智能人群:通过多机构强化学习进行移动式人群遥感 (IntelligentCrowd: Mobile Crowdsensing via Multi-Agent Reinforcement Learning)

The prosperity of smart mobile devices has made mobile crowdsensing (MCS) a promising paradigm for completing complex sensing and computation tasks. In the past, great efforts have been made on the design of incentive mechanisms and task allocation strategies from MCS platform's perspective to motivate mobile users' participation. However, in practice, MCS participants face many uncertainties coming from their sensing environment as well as other participants' strategies, and how do they interact with each other and make sensing decisions is not well understood. In this paper, we take MCS participants' perspective to derive an online sensing policy to maximize their payoffs via MCS participation. Specifically, we model the interactions of mobile users and sensing environments as a multi-agent Markov decision process. Each participant cannot observe others' decisions, but needs to decide her effort level in sensing tasks only based on local information, e.g., its own record of sensed signals' quality. To cope with the stochastic sensing environment, we develop an intelligent crowdsensing algorithm IntelligentCrowd by leveraging the power of multi-agent reinforcement learning (MARL). Our algorithm leads to the optimal sensing policy for each user to maximize the expected payoff against stochastic sensing environments, and can be implemented at individual participant's level in a distributed fashion. Numerical simulations demonstrate that IntelligentCrowd significantly improves users' payoffs in sequential MCS tasks under various sensing dynamics.
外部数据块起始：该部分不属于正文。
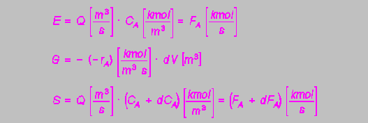 Para obtener la ecuación de diseño del reactor químico, es decir, la relación entre la velocidad de producción y la composición de los productos y la velocidad de la reacción química se utilizan los balances de materia, que se aplican, cuando se opera en una sola fase (reacciones homogéneas) a cada uno de los tres tipos de reactores básicos que se utilizan como modelos: discontinuo, tipo tanque agitado y tubular.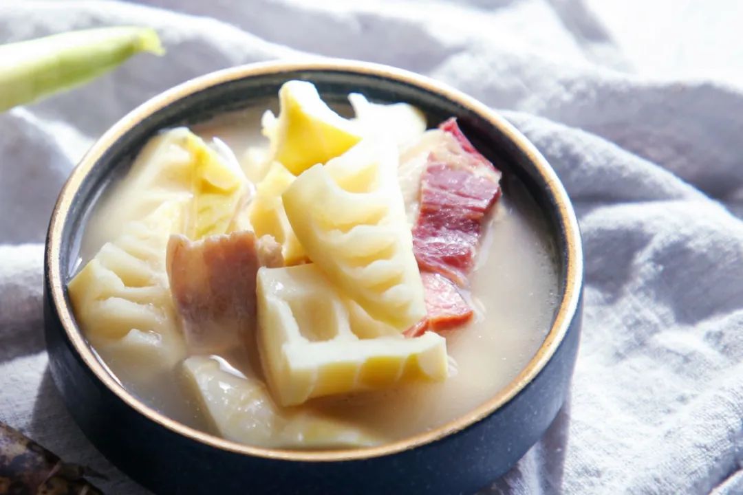 有人好用金华火腿替代咸肉,以为能更显档次。金华火腿味道必是不差的,可这腌笃鲜,火腿加来添些滋味尚可,咸肉,不能少的。有咸肉笃出的汤,才最合冬笋鲜甜,光用火腿,那算什么。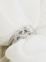 Ein umwerfender, ausgefallener Ring aus 18 Karat Weißgold mit einem zentralen Diamanten von 0,68 Karat und 48 Diamanten von insgesamt 0,18 ct.

翻译：智能移动装置的繁荣使得移动人群监测(MCS)成为完成复杂感测和计算任务的有希望的范例。在过去,我们从监控监平台的角度,为设计奖励机制和任务分配战略做出了巨大努力,以激励移动用户的参与。然而,在实践中,监控监参与者面临来自其感测环境和其他参与者战略的许多不确定性,以及他们如何相互互动和作出感测决定并没有得到很好的理解。在本文件中,我们从监控监参与者的角度出发,制定在线感测政策,以通过多感测和计算参与最大限度地获得其收益。具体地说,我们把移动用户和感测环境的相互作用作为多剂Markov决策程序的模型。每个参与者无法观察其他人的决定,但需要根据当地信息来决定她在感测任务方面的努力水平,例如,它自己的感测信号质量记录。为了应对感测环境,我们通过利用多感测强化学习的力量,开发了明智的人群感测算器。我们的演算法导致每个用户的最佳感测政策,以便让每个时时的思动用户在所预期的感测环境中最大限度地提高成本。